Obama seeks Turkey's help on Iraq oil

President Obama in a phone call Wednesday urged Turkey's prime minister not to import Iraqi oil until Iraq's central government can reach a deal with its oil-rich Kurkish region.

Baghdad and the Kurdish capital have so far failed to reach a revenue-sharing agreement that would allow the autonomous region to export oil to Turkey with Baghdad's blessing. Prime Minister Recep Tayyip Erdoğan has repeatedly clashed with Iraq's Shiite leader, Nouri al-Maliki, but has so far abstained from importing Kurdish oil over the objections of Baghdad and Washington, which is worried that unauthorized oil sales could splinter Iraq.

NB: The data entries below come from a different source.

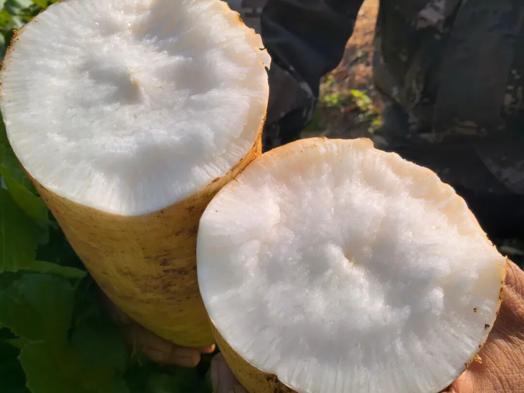 据了解,基地的黄田萝卜分批次种植,采收期从目前上市一直可持续到春节后。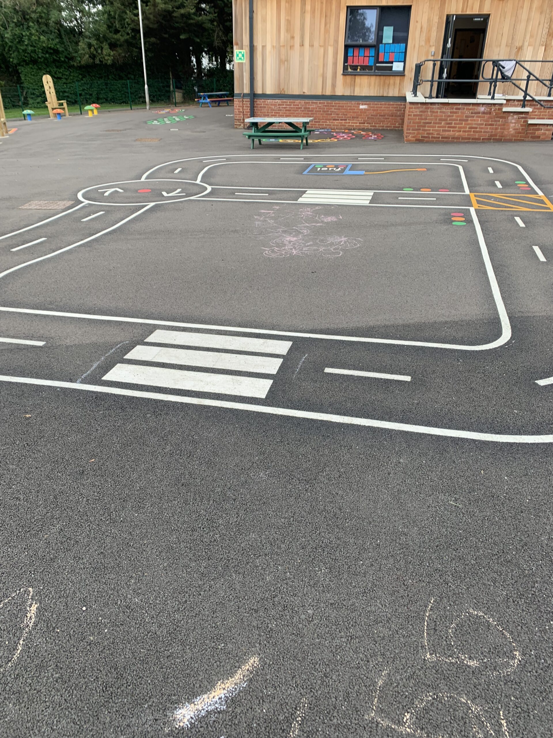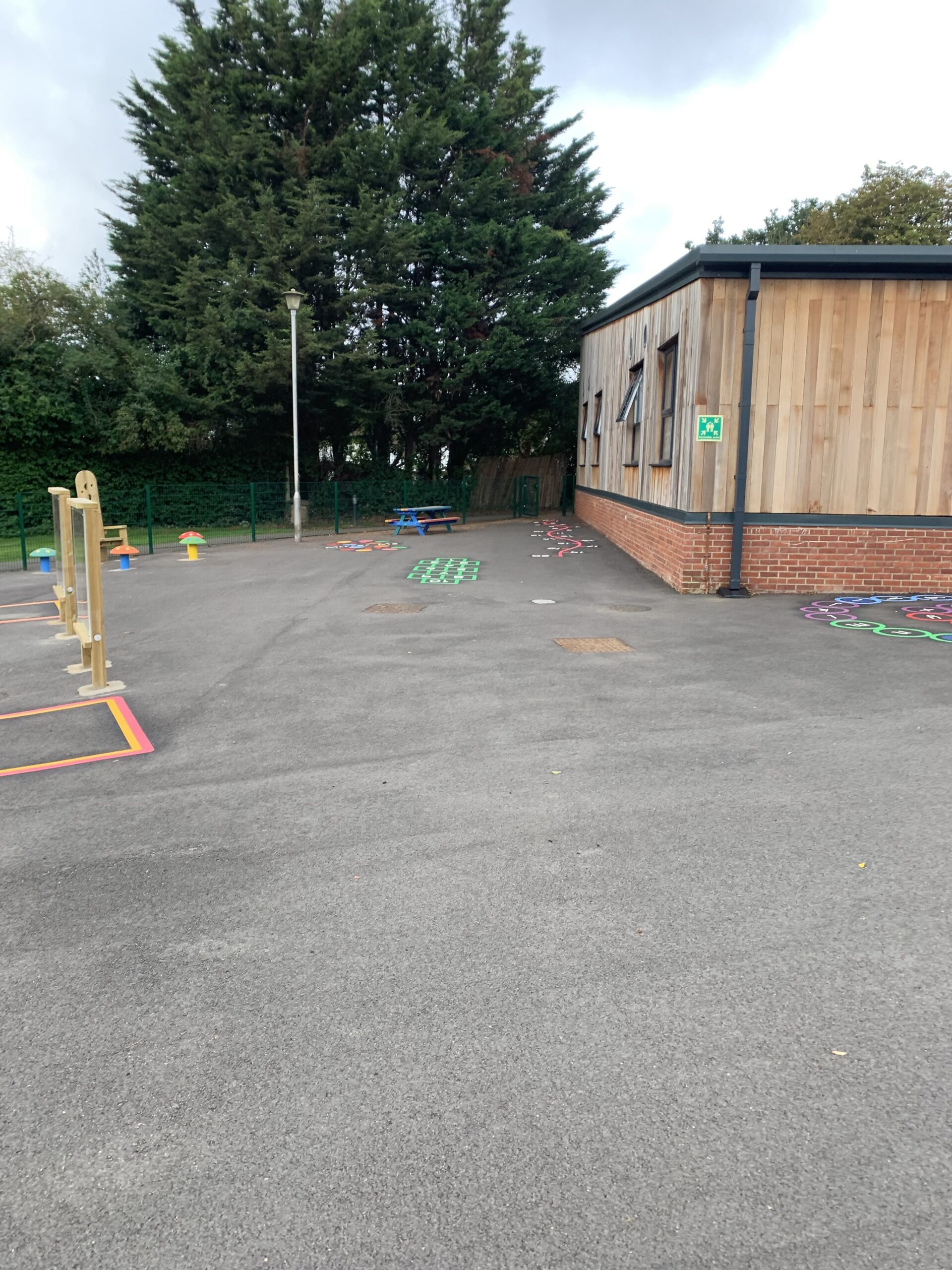 After the free consultation, we got to work on the free playground design. Considering the slope of the area, we included a trim trail, playground markings for games and a roadway for physical activities. A storytelling chair with vibrant mushroom seats forms an enchanting storytime corner. At the slope’s base, we installed a stage with music panels and seating for young performers. A raised play hut offers a tranquil retreat for children seeking calm. Creative learners have mark-making panels at the slope’s summit. To conclude, planters were arranged along the slope’s edge to serve as a natural barrier.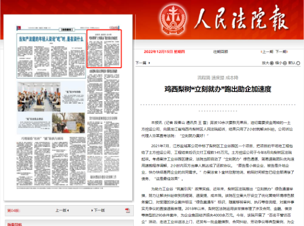 《人民法院报》:梨树“立刻就办”跑出助企加速度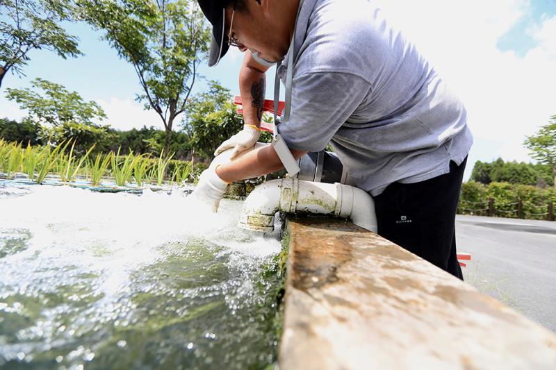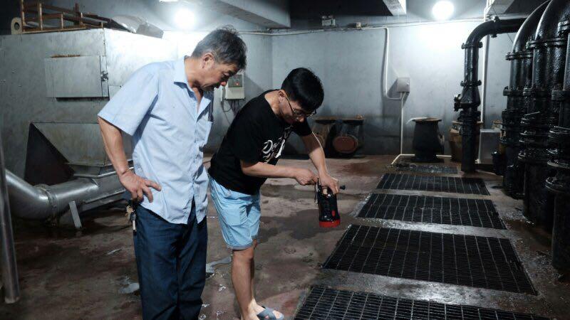 王明华正在检查集水井水位。 黄尖尖 摄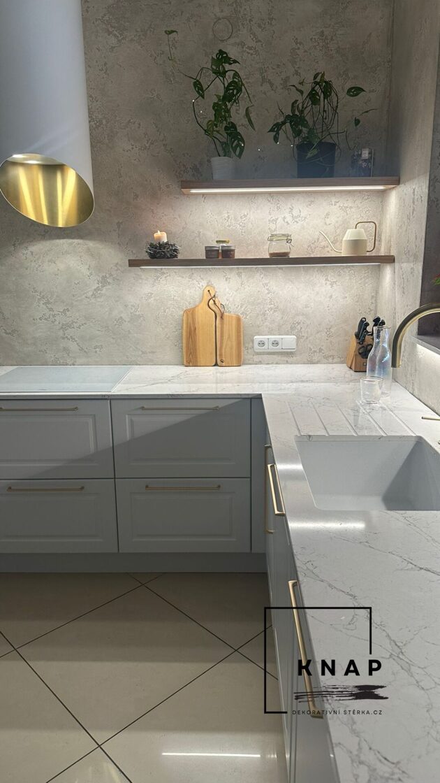 Realizace betonové dekorativní stěrky v kuchyni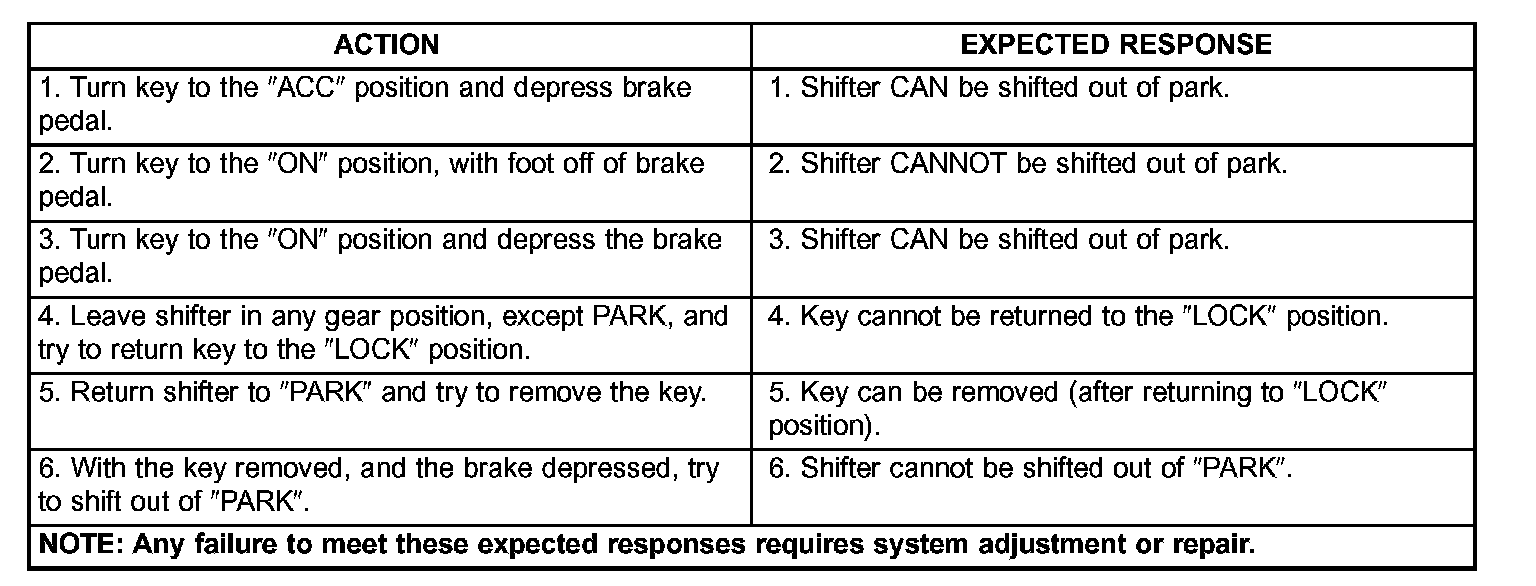 The following chart describes the normal operation of the Brake Transmission Shift Interlock (BTSI) system. If the "expected response" differs from the vehicle's response, then system repair and/or adjustment is necessary.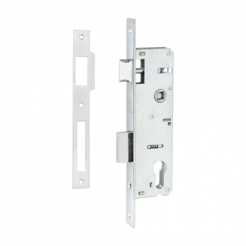 Отличительным признаком данной серии замков является межосевое расстояние 92 мм, которое является одним из стандартных в ПВХ дверях. Ответные планки входят в комплект. Декоративные накладки на цилиндровый механизм в комплект не входят.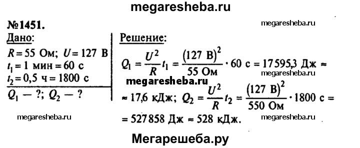 1451. Проволочная спираль, сопротивление которой в нагретом состоянии равно 55 Ом, включена в сеть напряжением 127 В. Какое количество теплоты выделяет эта спираль за 1 мин; за 0,5 ч?

“The President and Prime Minister discussed the importance of encouraging Baghdad and Erbil to find common ground on energy issues and supporting the agreement they achieve,” the White House said in a read-out of the call.

Obama also vowed to cooperate with Erdoğan on combating the growing terrorist threat in Syria and seeking a political settlement to the almost three-year-old conflict there. And he pressed Erdoğan on the “importance of quickly concluding the normalization agreement with Israel,” which has been in the works since Israel apologized last year for a raid against a flotilla seeking to break the embargo on Gaza that left eight Turks dead in 2010.